When will RHEL 4 be 'outdated'
I'm installing some brand new RHEL servers, and am thinking about whether to use RHEL 4, 5, or 5.1. I don't install the GUIs, and don't expect to be using the clustering or virtualization facilities for at least another year or two, likely more. I have a few questions below that'll help me in making a decision.
Does it just make sense to go with RHEL 5.x because it's the newest version, or would I be paying performance and other penalties for newer, advanced features in RHEL 5.x that I wouldn't be using?
When will RHEL 4 be considered outdated (i.e. when should new RHEL servers absolutely use 5.x and not 4)?
For straight command-line usage, is there a lot of new learning to be done in the transition from 4 to 5.x, or is it a completely transparent transition? (e.g. any changes in the layout of files/directories, commands, options, etc?)
Which of the two versions do you recommend, and for what reasons?
1: One does not pay for the OS, one pays support.
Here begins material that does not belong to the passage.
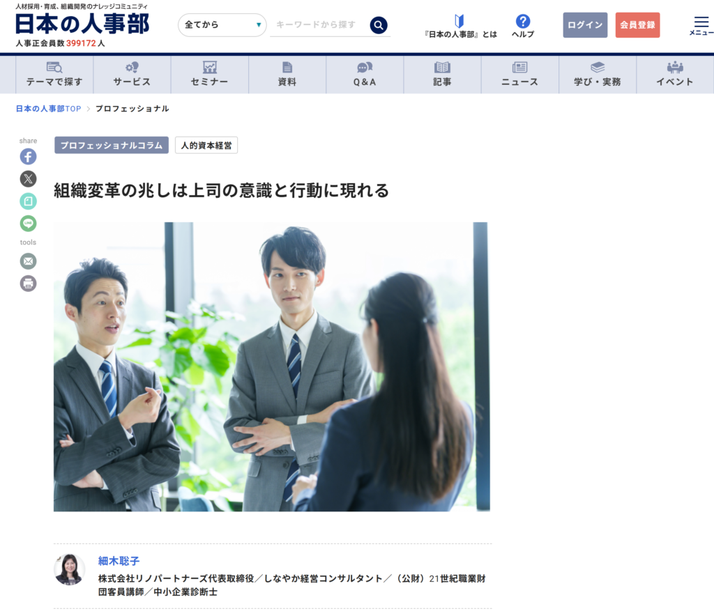 人事ポータル「日本の人事部」の専門家コラムに記事「組織変革の兆しは上司の意識と行動に現れる」が掲載されました
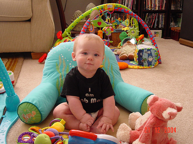 Hunter being a good boy playing while mommy works... Hunter loves to sit on the floor and play now. Having fun... Still playing... What? Heidi tries to work, but now Allie wants attention...

RHEL5 is (a tiny bit) faster over 4. Both have pretty much the same features. One should use the new OS because they have a need to support some hardware that is not supported by the older OS.
3: No new learning it is a completely transparent transition.
4: RHEL5 update1 mainly for support for new hardware that is not supported by RHEL4 update6 (coming soon).
Thanks for your response.
Could you please elaborate on what is meant by one doesn't pay for the OS but for support? How can one get access to RHEL 4 or 5 - on the Red Hat website, the only thing that's available for download is a 30-day evaluation, and that can only be received after taking a sales call from a Red Hat representative. I can't use an evaluation version, but rather need a download of it that can be used as long as we'd like, and legally in production at a commercial business.
Yes one pays for support from Red Hat not the OS, one of the benefits for paying for this support is the ability to download the compiled binaries in rpm format or in ISO format (RHN subscription a part of the paid support). Red Hat does not have to provide the compiled rpms in any format. They do provide all the open sources as source RPMS. One can if desired download the all the open source packages and build;
I noticed that your tag states your distribution is CentOS 4, this is basically the same thing as RHEL-4 without the "Red Hat branding and artwork" along with third party Supplementary packages are not included (your not missing much, all are available from third parties anyhow). You can use CentOS in a commercial business. CentOS is roughly equivalent to RHEL AS. Anything wrong with using CentOS-5 or very soon CentOS-5.1???
I see nothing here: https://www.redhat.com/apps/webform....e_form&eid=871 that states you need to speak to anyone from Red Hat before downloading the 30-day Evaluation version. The only things you will be missing are updates and support beyond the 30 days.